Pour la plupart des fonds communs de placement, vous créez un gain en capital lorsque vous faites des transferts entre les fonds, en vendant un fonds avant d'en acheter un autre. Toutefois, dans le cas des fonds communs de placement de «catégorie de société», vous transférez des fonds à l'intérieur de la même société de placements — et cela n'est pas imposable. Vous paierez l'impôt au moment où vous retirerez votre argent.

Vous voyez ce que je veux dire? Je n'exagère pas lorsque j'affirme qu'en étant mal informé sur la fiscalité liée aux placements, vous pouvez vous retrouver dans une zone grise dangereuse. Si, par exemple, vous oubliez que la taille de votre portefeuille et le rendement de vos placements sont exprimés en dollars avant impôt, vous pourriez trouver que votre bas de laine après impôt est plus petit que prévu. De plus, en ne connaissant pas bien l'impôt sur les placements, vous pourriez passer à côté d'intéressantes déductions fiscales.

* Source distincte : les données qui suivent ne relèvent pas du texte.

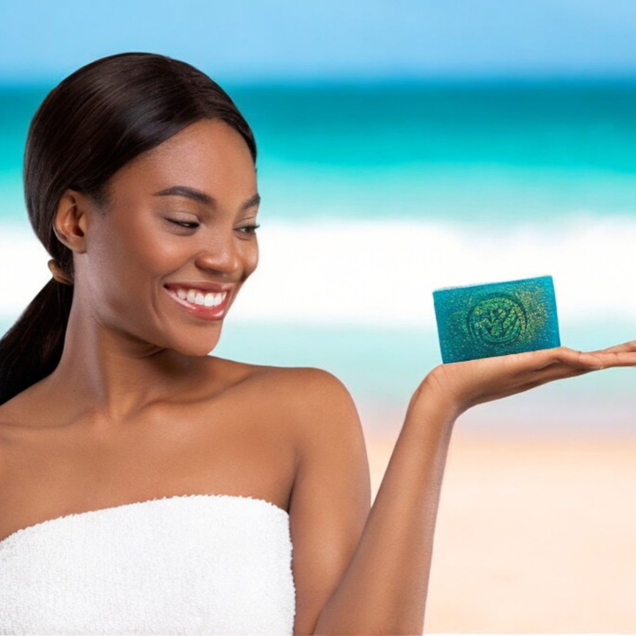The gentle foam and exfoliation granules whisk you away to serene shores with its crisp ocean breeze scent, ensuring every cleanse feels like a rejuvenating dip in the sea. Dive into pure indulgence and emerge with skin that's soft, hydrated, and glowing with natural beauty from our handcrafted Ocean Breeze Sea Moss & Cornflower Soap.
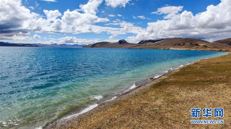 这是普姆雍错湖一景(9月19日无人机拍摄)。 普姆雍错位于西藏山南市浪卡子县境内,海拔五千多米,在周围雪山融水的滋润和阳光的照耀下,美若少女。 新华社记者 晋美多吉 摄
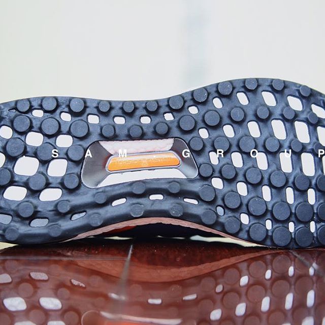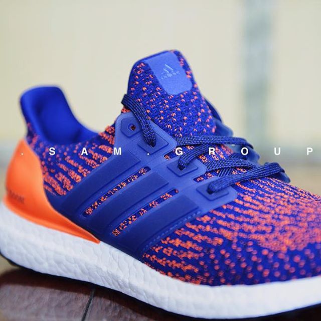 这组图片来源于球鞋摄影师 s.sam.group,鞋身主要采用了蓝色的 Primeknit 编织制成,并搭载了 UB 3.0 橙色的独特纹理,两侧采用蓝色果冻支架,后跟稳定片运用了橙色进行渲染,最后以黑色外底与 Boost 缓震中底进行收尾,整体层次感增强,给人一种特别的视觉感受。
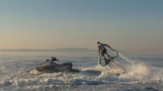 Un motore di moto d’acqua dalla potenza di 100 CV indirizza un getto d’acqua attraverso un tubo ad un paio di stivali e ad alcuni stabilizzatori manuali. Grazie al getto d’acqua che fuoriesce dagli scarponi, quindi, l’utente è spinto fuori dall’acqua fino ad un’altezza massima di circa 9 metri. In questo modo, si può volare per aria, ma la stessa potenza può essere utilizzata per buttarsi a capofitto fra le onde e nuotare come un delfino umano.
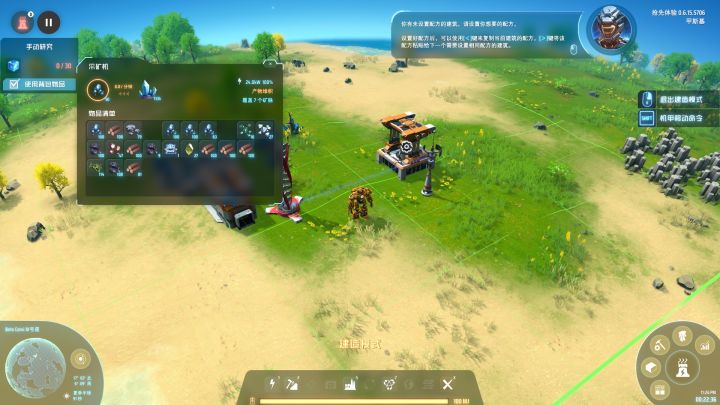 从游戏初期玩家只能依靠机甲伊卡洛斯手动采集资源开始,玩家的目标就是通过资源的采集来研发科技,建造更高级的设施,从而让采集与生产不断地变得更加高效、便捷,这是一个白手起家、从头开始“种地”“搞基建”的过程。资源的种类有很多种,一方面要采集足够的能源燃料保证机甲的动力,另一方面还要根据科技树的要求和设施的建造配方来有针对性地采集相应种类的资源。
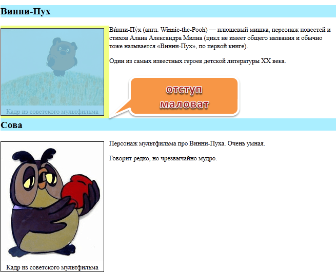 • После него идёт float-элемент – картинка «Сова». Он был сдвинут влево. Согласно алгоритму, он двигается до левой границы или до касания с другим float-элементом, что и произошло (картинка «Винни-Пух»).
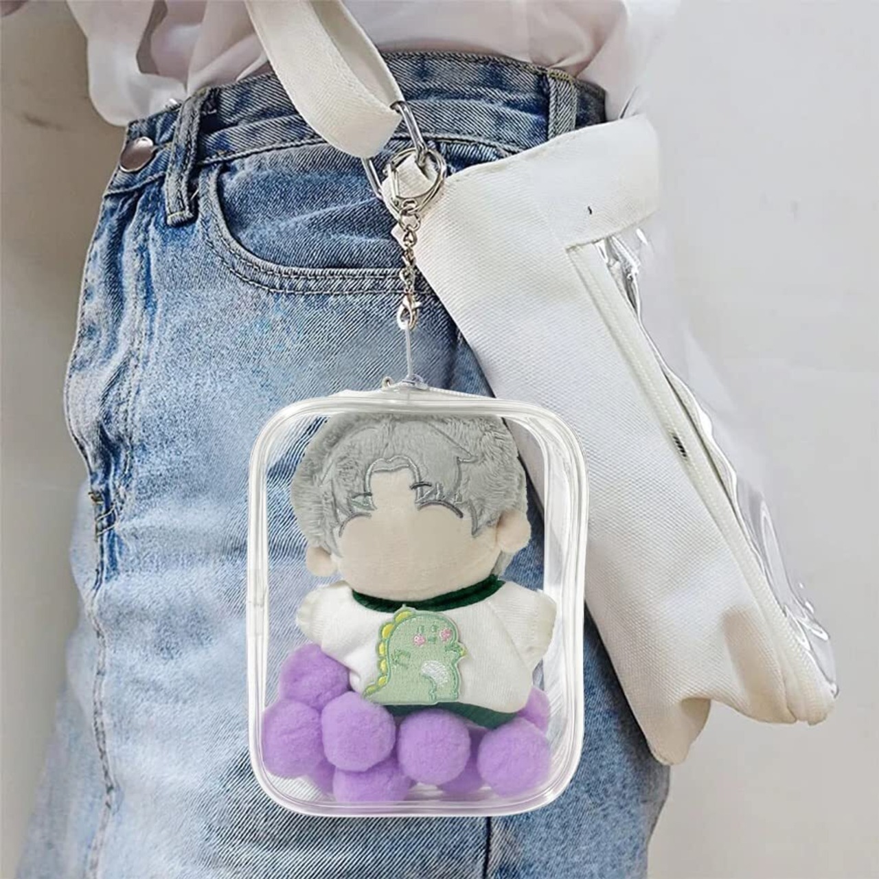 Umora ケース バッグ 痛バ 防塵 ぬいポーチ お出かけ 人形入れ 全透明 10cmぬいぐるみ用 クリアポーチ 鞄に付ける 推し リング付(スクエア)

Il est tout aussi important de comprendre comment vos placements sont imposés lorsque vous tentez de savoir combien vous pouvez retirer de votre bas de laine chaque année sans venir à bout de votre épargne prématurément. Si vous appliquez le principe selon lequel il est raisonnable de retirer 4 % de votre épargne chaque année, n'oubliez pas que ce sont des dollars avant impôt. Vous aurez donc moins d'argent une fois l'impôt payé. 

C'est toujours une bonne idée de clarifier dès aujourd'hui les zones qui pourraient assombrir votre retraite en prenant rendez-vous avec un comptable et un conseiller qui évalueront votre situation personnelle.